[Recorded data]
=== Section Start ===
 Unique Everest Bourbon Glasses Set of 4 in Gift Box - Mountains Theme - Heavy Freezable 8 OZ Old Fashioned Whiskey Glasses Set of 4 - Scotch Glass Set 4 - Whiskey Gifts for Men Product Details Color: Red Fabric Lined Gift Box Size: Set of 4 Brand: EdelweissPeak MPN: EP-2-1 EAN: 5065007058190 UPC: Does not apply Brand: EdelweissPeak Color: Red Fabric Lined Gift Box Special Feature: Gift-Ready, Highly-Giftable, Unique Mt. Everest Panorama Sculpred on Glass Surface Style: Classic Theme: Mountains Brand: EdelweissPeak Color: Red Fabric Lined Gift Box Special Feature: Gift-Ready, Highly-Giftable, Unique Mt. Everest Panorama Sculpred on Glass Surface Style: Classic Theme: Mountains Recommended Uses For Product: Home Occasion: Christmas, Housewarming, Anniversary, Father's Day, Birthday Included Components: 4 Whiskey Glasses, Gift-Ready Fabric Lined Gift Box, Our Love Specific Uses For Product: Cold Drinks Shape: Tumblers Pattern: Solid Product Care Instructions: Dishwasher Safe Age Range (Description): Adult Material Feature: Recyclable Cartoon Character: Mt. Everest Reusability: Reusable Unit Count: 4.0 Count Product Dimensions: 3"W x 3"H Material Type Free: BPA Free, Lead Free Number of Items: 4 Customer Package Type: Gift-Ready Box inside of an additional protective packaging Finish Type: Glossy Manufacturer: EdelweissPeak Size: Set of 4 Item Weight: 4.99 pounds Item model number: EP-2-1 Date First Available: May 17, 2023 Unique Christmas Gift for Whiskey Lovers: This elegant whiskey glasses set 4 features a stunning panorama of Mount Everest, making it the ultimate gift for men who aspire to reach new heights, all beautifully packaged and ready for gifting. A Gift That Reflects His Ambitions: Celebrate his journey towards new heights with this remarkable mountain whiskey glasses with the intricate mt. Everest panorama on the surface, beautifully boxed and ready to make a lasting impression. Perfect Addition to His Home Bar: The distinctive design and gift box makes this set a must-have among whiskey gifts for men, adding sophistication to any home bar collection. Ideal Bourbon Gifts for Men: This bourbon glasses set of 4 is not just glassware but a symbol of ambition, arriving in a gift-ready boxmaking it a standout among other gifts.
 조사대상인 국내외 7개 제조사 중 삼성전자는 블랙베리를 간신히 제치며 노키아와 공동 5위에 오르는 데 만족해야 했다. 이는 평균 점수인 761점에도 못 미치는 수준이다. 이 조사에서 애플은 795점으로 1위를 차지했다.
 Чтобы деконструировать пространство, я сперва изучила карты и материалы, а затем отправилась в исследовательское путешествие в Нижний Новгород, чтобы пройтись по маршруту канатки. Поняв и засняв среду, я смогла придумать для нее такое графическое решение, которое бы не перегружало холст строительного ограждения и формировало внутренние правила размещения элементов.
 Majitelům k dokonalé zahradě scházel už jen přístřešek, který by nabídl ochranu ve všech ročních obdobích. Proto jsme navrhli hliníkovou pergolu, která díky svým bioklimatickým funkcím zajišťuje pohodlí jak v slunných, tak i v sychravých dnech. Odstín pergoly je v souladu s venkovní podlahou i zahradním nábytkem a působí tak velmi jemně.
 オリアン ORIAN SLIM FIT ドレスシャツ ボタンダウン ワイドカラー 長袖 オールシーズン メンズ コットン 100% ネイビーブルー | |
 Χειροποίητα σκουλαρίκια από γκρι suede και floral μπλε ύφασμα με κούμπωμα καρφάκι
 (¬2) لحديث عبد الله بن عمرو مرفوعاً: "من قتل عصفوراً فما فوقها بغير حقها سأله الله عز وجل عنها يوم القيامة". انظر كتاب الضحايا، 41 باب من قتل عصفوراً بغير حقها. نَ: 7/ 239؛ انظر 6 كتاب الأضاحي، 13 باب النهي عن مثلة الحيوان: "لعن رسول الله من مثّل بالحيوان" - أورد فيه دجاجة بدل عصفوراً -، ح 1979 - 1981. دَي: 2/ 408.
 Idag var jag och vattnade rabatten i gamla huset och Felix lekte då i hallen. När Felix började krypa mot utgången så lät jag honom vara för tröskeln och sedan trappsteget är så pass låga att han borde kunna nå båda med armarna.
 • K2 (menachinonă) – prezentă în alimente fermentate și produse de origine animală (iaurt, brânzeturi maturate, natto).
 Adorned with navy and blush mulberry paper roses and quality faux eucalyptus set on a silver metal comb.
=== Section End ===
**Task to complete:** Each line of the data must be retyped exactly.

**Solution for this task:**
 Unique Everest Bourbon Glasses Set of 4 in Gift Box - Mountains Theme - Heavy Freezable 8 OZ Old Fashioned Whiskey Glasses Set of 4 - Scotch Glass Set 4 - Whiskey Gifts for Men Product Details Color: Red Fabric Lined Gift Box Size: Set of 4 Brand: EdelweissPeak MPN: EP-2-1 EAN: 5065007058190 UPC: Does not apply Brand: EdelweissPeak Color: Red Fabric Lined Gift Box Special Feature: Gift-Ready, Highly-Giftable, Unique Mt. Everest Panorama Sculpred on Glass Surface Style: Classic Theme: Mountains Brand: EdelweissPeak Color: Red Fabric Lined Gift Box Special Feature: Gift-Ready, Highly-Giftable, Unique Mt. Everest Panorama Sculpred on Glass Surface Style: Classic Theme: Mountains Recommended Uses For Product: Home Occasion: Christmas, Housewarming, Anniversary, Father's Day, Birthday Included Components: 4 Whiskey Glasses, Gift-Ready Fabric Lined Gift Box, Our Love Specific Uses For Product: Cold Drinks Shape: Tumblers Pattern: Solid Product Care Instructions: Dishwasher Safe Age Range (Description): Adult Material Feature: Recyclable Cartoon Character: Mt. Everest Reusability: Reusable Unit Count: 4.0 Count Product Dimensions: 3"W x 3"H Material Type Free: BPA Free, Lead Free Number of Items: 4 Customer Package Type: Gift-Ready Box inside of an additional protective packaging Finish Type: Glossy Manufacturer: EdelweissPeak Size: Set of 4 Item Weight: 4.99 pounds Item model number: EP-2-1 Date First Available: May 17, 2023 Unique Christmas Gift for Whiskey Lovers: This elegant whiskey glasses set 4 features a stunning panorama of Mount Everest, making it the ultimate gift for men who aspire to reach new heights, all beautifully packaged and ready for gifting. A Gift That Reflects His Ambitions: Celebrate his journey towards new heights with this remarkable mountain whiskey glasses with the intricate mt. Everest panorama on the surface, beautifully boxed and ready to make a lasting impression. Perfect Addition to His Home Bar: The distinctive design and gift box makes this set a must-have among whiskey gifts for men, adding sophistication to any home bar collection. Ideal Bourbon Gifts for Men: This bourbon glasses set of 4 is not just glassware but a symbol of ambition, arriving in a gift-ready boxmaking it a standout among other gifts.
 조사대상인 국내외 7개 제조사 중 삼성전자는 블랙베리를 간신히 제치며 노키아와 공동 5위에 오르는 데 만족해야 했다. 이는 평균 점수인 761점에도 못 미치는 수준이다. 이 조사에서 애플은 795점으로 1위를 차지했다.
 Чтобы деконструировать пространство, я сперва изучила карты и материалы, а затем отправилась в исследовательское путешествие в Нижний Новгород, чтобы пройтись по маршруту канатки. Поняв и засняв среду, я смогла придумать для нее такое графическое решение, которое бы не перегружало холст строительного ограждения и формировало внутренние правила размещения элементов.
 Majitelům k dokonalé zahradě scházel už jen přístřešek, který by nabídl ochranu ve všech ročních obdobích. Proto jsme navrhli hliníkovou pergolu, která díky svým bioklimatickým funkcím zajišťuje pohodlí jak v slunných, tak i v sychravých dnech. Odstín pergoly je v souladu s venkovní podlahou i zahradním nábytkem a působí tak velmi jemně.
 オリアン ORIAN SLIM FIT ドレスシャツ ボタンダウン ワイドカラー 長袖 オールシーズン メンズ コットン 100% ネイビーブルー | |
 Χειροποίητα σκουλαρίκια από γκρι suede και floral μπλε ύφασμα με κούμπωμα καρφάκι
 (¬2) لحديث عبد الله بن عمرو مرفوعاً: "من قتل عصفوراً فما فوقها بغير حقها سأله الله عز وجل عنها يوم القيامة". انظر كتاب الضحايا، 41 باب من قتل عصفوراً بغير حقها. نَ: 7/ 239؛ انظر 6 كتاب الأضاحي، 13 باب النهي عن مثلة الحيوان: "لعن رسول الله من مثّل بالحيوان" - أورد فيه دجاجة بدل عصفوراً -، ح 1979 - 1981. دَي: 2/ 408.
 Idag var jag och vattnade rabatten i gamla huset och Felix lekte då i hallen. När Felix började krypa mot utgången så lät jag honom vara för tröskeln och sedan trappsteget är så pass låga att han borde kunna nå båda med armarna.
 • K2 (menachinonă) – prezentă în alimente fermentate și produse de origine animală (iaurt, brânzeturi maturate, natto).
 Adorned with navy and blush mulberry paper roses and quality faux eucalyptus set on a silver metal comb.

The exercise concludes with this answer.